## Problem to solve
Return exactly the run of lines that begins at the line containing "CodeSandbox wields a" and ends at the last line of the material below; pictures stay out.

## Provided data
▼▼▼

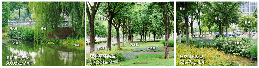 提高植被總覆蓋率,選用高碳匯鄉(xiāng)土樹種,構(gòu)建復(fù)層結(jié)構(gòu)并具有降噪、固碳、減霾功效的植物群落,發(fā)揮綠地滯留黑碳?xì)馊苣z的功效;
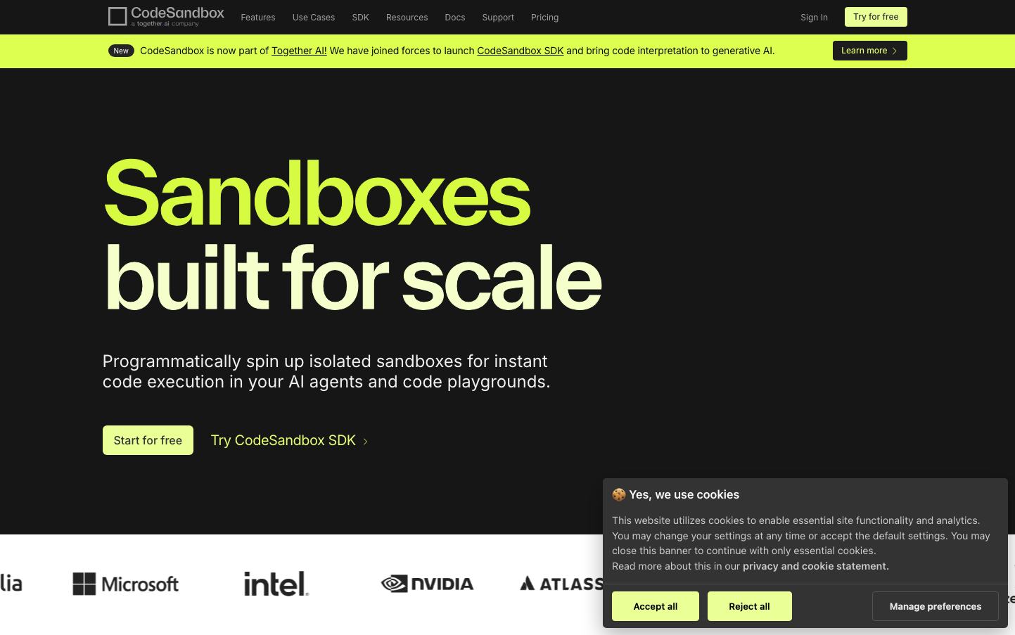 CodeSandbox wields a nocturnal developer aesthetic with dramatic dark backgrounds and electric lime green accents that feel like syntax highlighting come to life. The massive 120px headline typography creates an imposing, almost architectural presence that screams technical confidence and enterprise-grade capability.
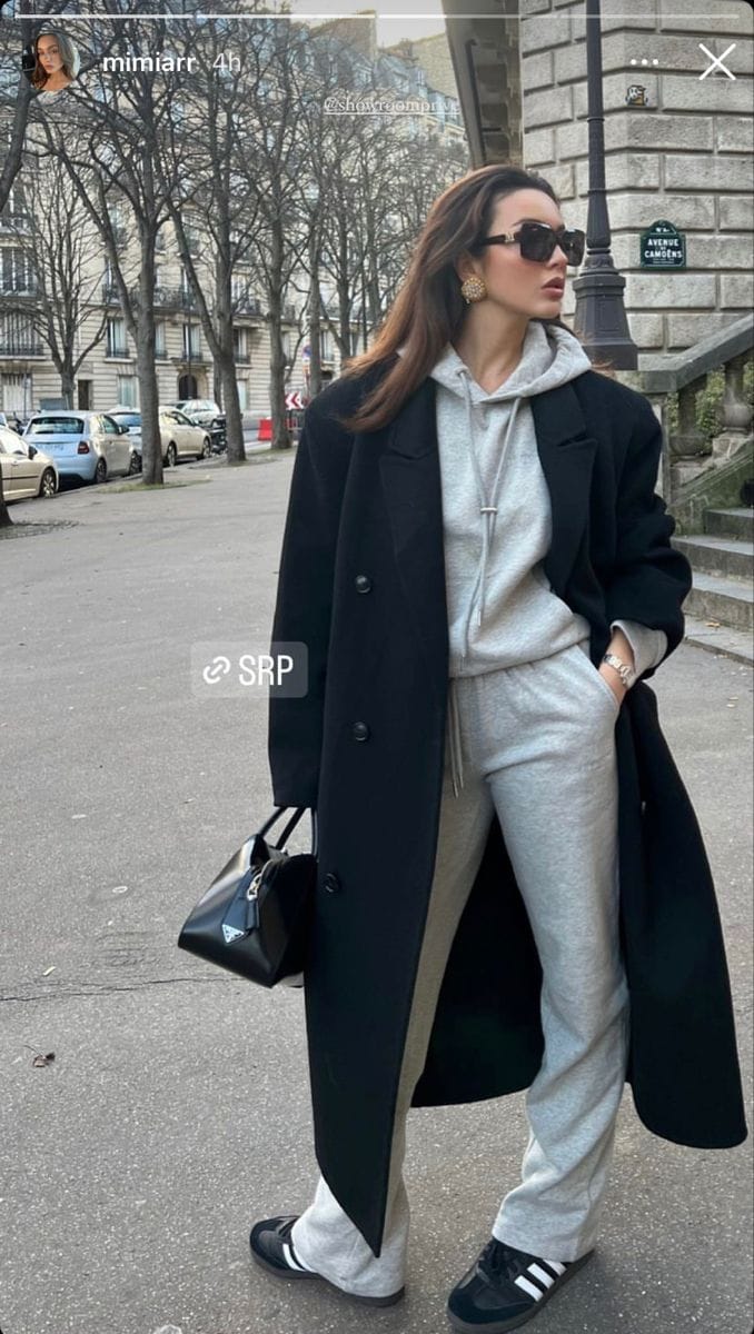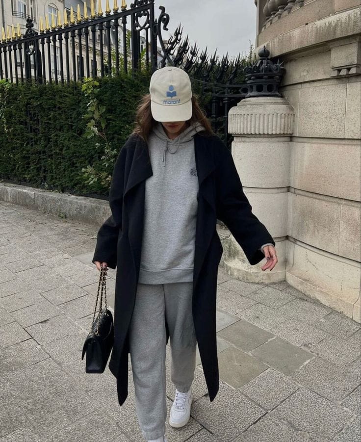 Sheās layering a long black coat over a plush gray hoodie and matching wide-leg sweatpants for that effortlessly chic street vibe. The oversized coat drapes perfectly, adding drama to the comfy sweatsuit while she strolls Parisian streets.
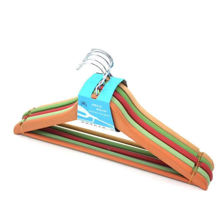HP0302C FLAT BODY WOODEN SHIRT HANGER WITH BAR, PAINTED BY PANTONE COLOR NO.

▲▲▲

## Task answer
 CodeSandbox wields a nocturnal developer aesthetic with dramatic dark backgrounds and electric lime green accents that feel like syntax highlighting come to life. The massive 120px headline typography creates an imposing, almost architectural presence that screams technical confidence and enterprise-grade capability.
 Sheās layering a long black coat over a plush gray hoodie and matching wide-leg sweatpants for that effortlessly chic street vibe. The oversized coat drapes perfectly, adding drama to the comfy sweatsuit while she strolls Parisian streets.
HP0302C FLAT BODY WOODEN SHIRT HANGER WITH BAR, PAINTED BY PANTONE COLOR NO.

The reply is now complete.